* Your assignment:
Find the line holding "Transhumance à Montpeyroux" in the entries below. Give it again exactly, along with every line after it up to and including the line holding "nourrir que 3000, il".

* Given records:
──────
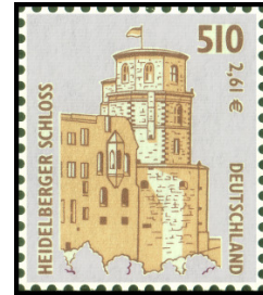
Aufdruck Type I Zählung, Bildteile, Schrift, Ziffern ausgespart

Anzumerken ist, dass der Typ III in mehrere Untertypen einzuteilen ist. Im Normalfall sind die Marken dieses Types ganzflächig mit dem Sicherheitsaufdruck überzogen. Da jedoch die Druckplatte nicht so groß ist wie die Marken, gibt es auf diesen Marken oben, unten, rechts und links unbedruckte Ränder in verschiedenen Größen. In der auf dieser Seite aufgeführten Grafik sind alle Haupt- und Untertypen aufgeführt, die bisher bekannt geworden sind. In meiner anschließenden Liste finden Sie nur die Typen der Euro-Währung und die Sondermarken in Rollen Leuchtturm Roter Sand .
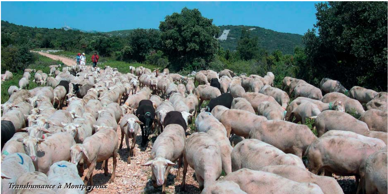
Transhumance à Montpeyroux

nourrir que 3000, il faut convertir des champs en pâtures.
──────
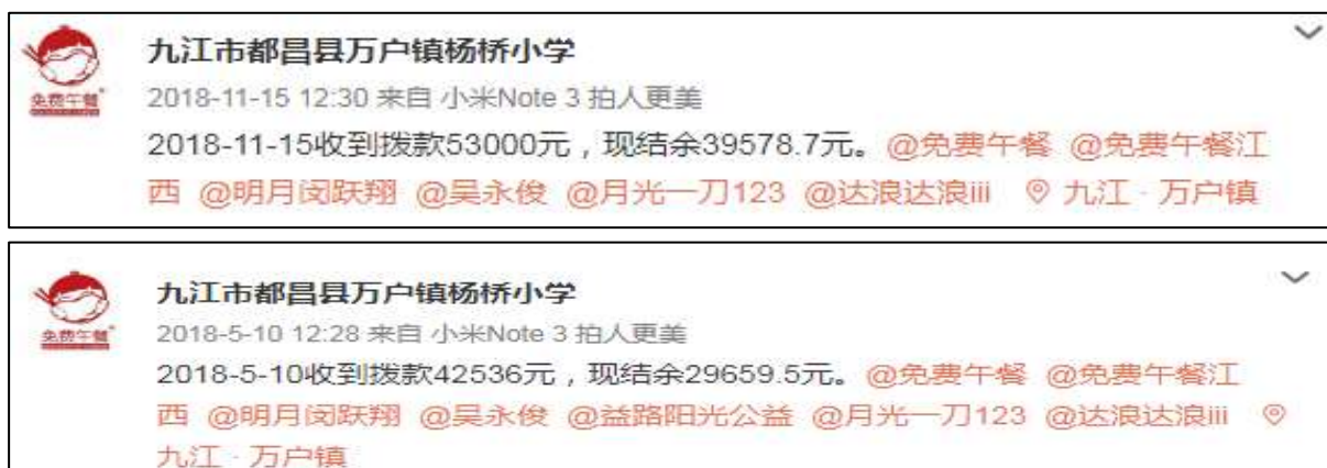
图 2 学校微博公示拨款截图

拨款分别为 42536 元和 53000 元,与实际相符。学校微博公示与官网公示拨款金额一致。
──────
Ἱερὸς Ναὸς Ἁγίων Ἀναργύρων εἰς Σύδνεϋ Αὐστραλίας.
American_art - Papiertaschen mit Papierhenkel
──────
* Solution to the problem:
Transhumance à Montpeyroux

nourrir que 3000, il faut convertir des champs en pâtures.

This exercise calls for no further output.